My constituents in Iver obviously live some distance from the main HS2 route and have not previously been concerned with it, except in so far as the Heathrow link plan affected them before it was withdrawn. The scheme raises two distinct problems. First, it is difficult to understand what effect it will have on the western rail link into Heathrow. I would be interested as soon as possible to hear from the Secretary of State and from my hon. Friend the Minister as to how that impact will work in practice.

Secondly, I have in the past written to my right hon. Friend the Secretary of State to point out to him that Iver is experiencing a catastrophic problem with heavy goods vehicle movements. The number of transport depots in the immediate vicinity of the village, many of which have grown up out of existing planning uses that predate the arrival of planning control, mean that the village is slowly being strangled by the HGV movements. If one stands in Iver village high street, one will see a heavy goods vehicle coming through every 58 seconds on average.

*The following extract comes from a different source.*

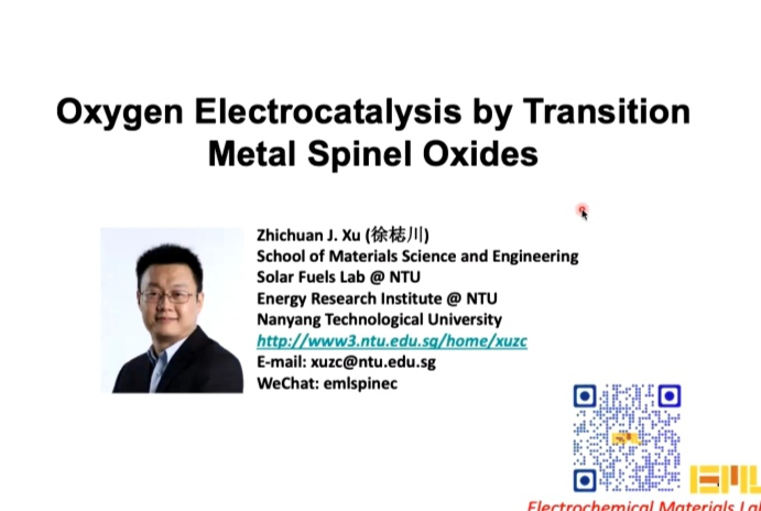12月16日,SUNBET申博利用腾讯会议在线举办了“名师有约”第2020111期活动,邀请新加坡南洋理工大学材料科学与工程公司副教授、英国皇家化学会会士徐梽川进行以“Oxygen Electrocatalysis by Transition Metal Spinel Oxides”为题的学术报告。报告会由SUNBET申博化学实验中心副教授董斌主持,SUNBET申博化学专业研究生参与。

It is a narrow village shopping street and the planning development has taken place in complete disregard of those facts.

There is a possibility of relieving that by the construction of a relief road running into the back of one of those sites, but the road has to cross the path and the line of the proposed new depot. My constituents’ anxiety is that that long-sought road project will be rendered even more difficult to achieve because it is not factored in to the construction of the depot. The construction of the depot might provide the ideal moment for the construction of the road, but if that does not take place when the depot is constructed, it might be impossible thereafter for it to occur at all.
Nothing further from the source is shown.